Using the listing below, reproduce exactly the lines from the one with "Hallo zusammen Hier" through the last, with all pictures left out.

Start of Source records

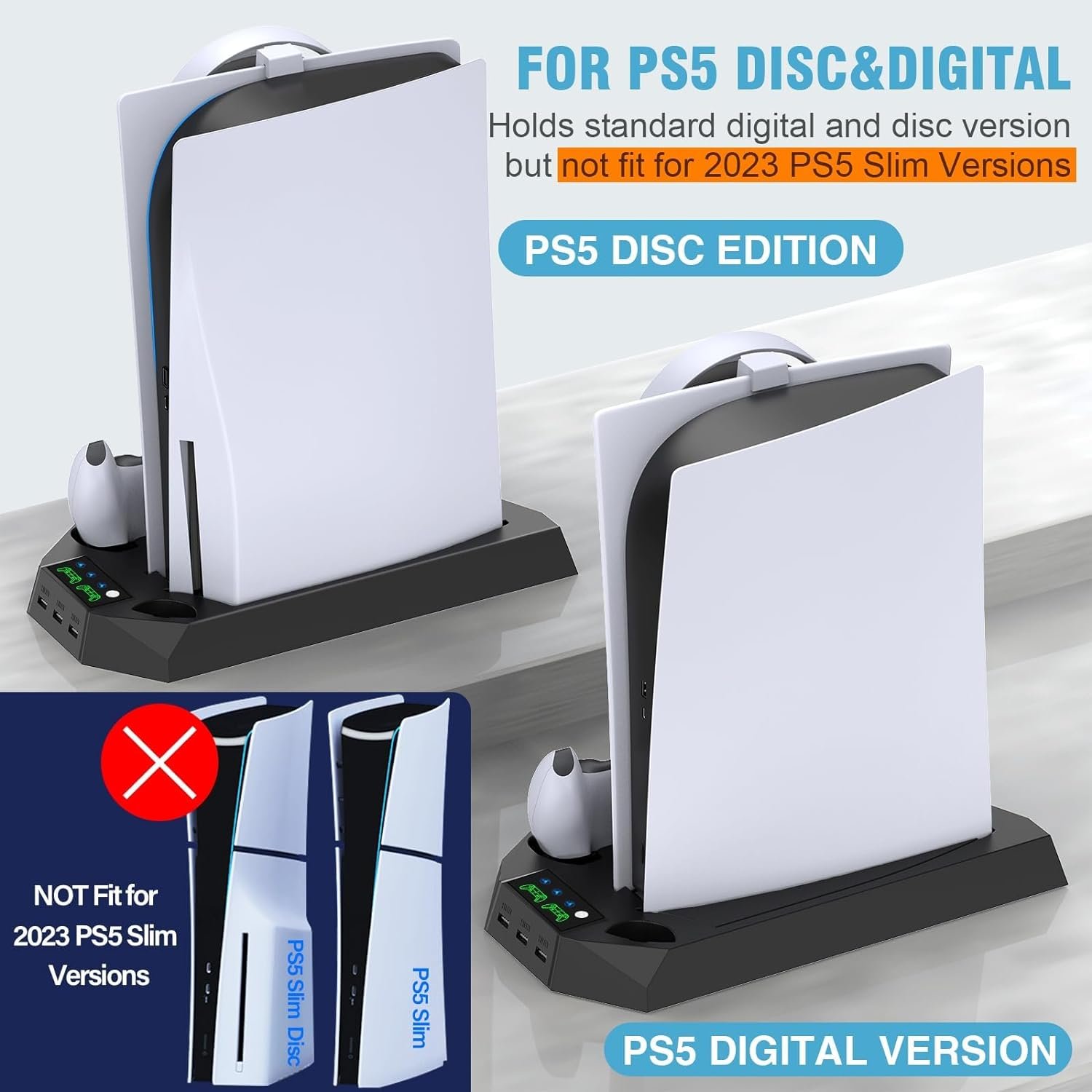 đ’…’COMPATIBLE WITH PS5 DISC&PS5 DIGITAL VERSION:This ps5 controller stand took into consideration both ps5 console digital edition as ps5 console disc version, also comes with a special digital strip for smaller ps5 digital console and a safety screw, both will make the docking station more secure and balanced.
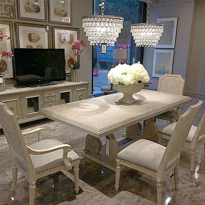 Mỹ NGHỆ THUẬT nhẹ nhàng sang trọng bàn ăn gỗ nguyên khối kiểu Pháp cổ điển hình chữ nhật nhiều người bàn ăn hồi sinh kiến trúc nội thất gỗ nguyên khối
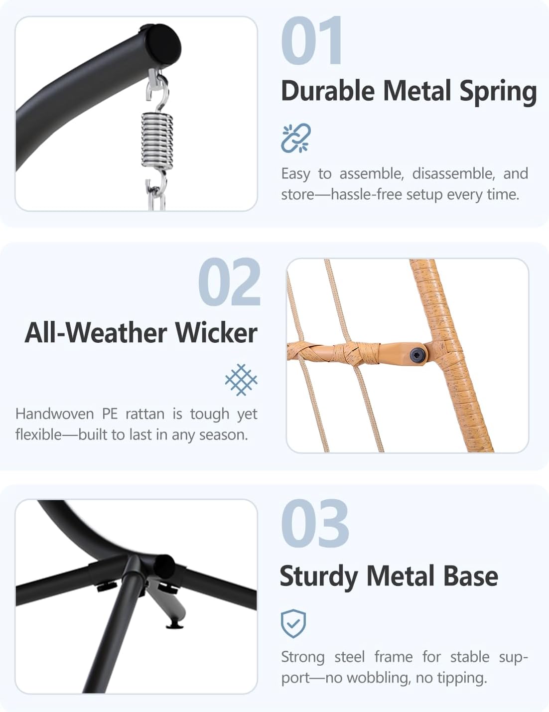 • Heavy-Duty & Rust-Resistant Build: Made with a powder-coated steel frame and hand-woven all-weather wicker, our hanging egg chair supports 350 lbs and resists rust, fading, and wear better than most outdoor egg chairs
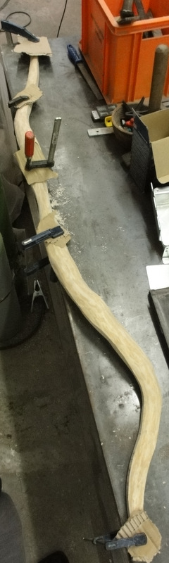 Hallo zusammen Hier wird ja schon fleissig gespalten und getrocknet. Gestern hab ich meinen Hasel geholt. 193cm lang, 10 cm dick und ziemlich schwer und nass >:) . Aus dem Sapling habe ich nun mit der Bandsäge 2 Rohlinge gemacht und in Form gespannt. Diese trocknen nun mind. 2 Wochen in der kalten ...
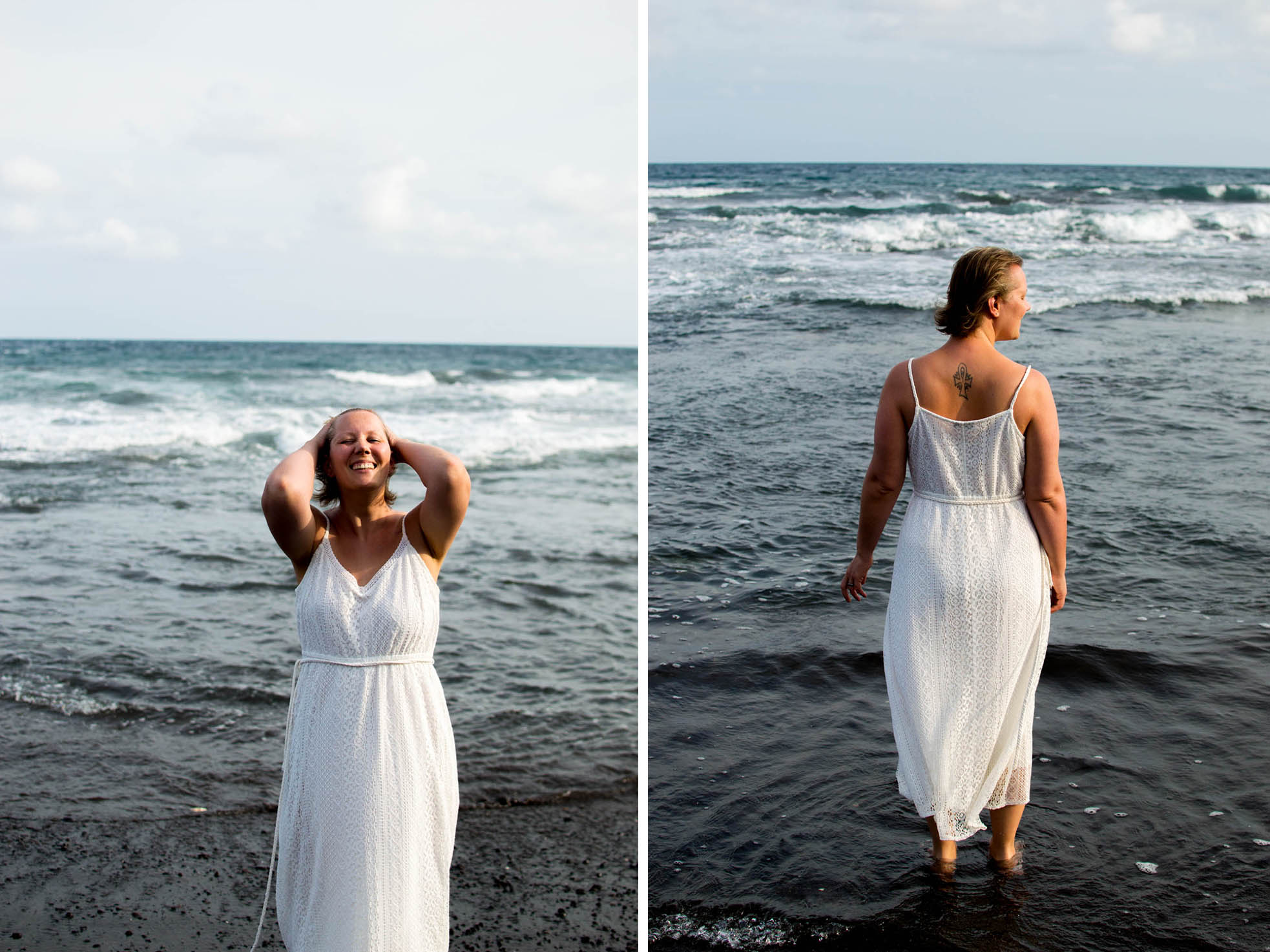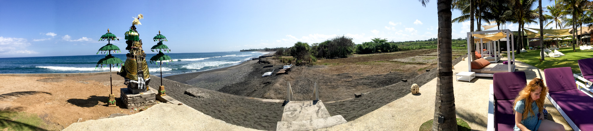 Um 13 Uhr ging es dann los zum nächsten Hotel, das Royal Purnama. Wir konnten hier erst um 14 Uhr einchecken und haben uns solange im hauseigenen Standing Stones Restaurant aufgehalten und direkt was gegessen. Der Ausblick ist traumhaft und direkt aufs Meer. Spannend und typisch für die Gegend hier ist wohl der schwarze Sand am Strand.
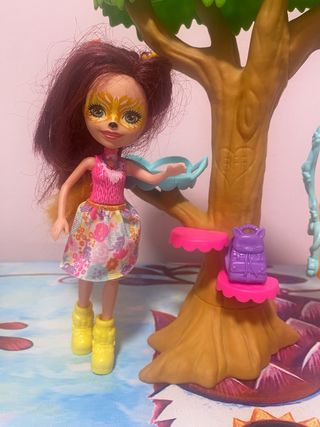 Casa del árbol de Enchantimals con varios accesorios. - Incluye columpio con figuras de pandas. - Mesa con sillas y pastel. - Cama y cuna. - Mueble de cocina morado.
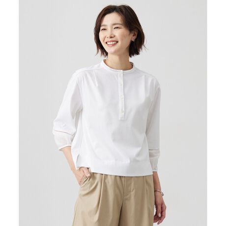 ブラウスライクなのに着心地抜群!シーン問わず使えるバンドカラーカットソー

End of Source records

Expected answer:
 Hallo zusammen Hier wird ja schon fleissig gespalten und getrocknet. Gestern hab ich meinen Hasel geholt. 193cm lang, 10 cm dick und ziemlich schwer und nass >:) . Aus dem Sapling habe ich nun mit der Bandsäge 2 Rohlinge gemacht und in Form gespannt. Diese trocknen nun mind. 2 Wochen in der kalten ...
 Um 13 Uhr ging es dann los zum nächsten Hotel, das Royal Purnama. Wir konnten hier erst um 14 Uhr einchecken und haben uns solange im hauseigenen Standing Stones Restaurant aufgehalten und direkt was gegessen. Der Ausblick ist traumhaft und direkt aufs Meer. Spannend und typisch für die Gegend hier ist wohl der schwarze Sand am Strand.
 Casa del árbol de Enchantimals con varios accesorios. - Incluye columpio con figuras de pandas. - Mesa con sillas y pastel. - Cama y cuna. - Mueble de cocina morado.
 ブラウスライクなのに着心地抜群!シーン問わず使えるバンドカラーカットソー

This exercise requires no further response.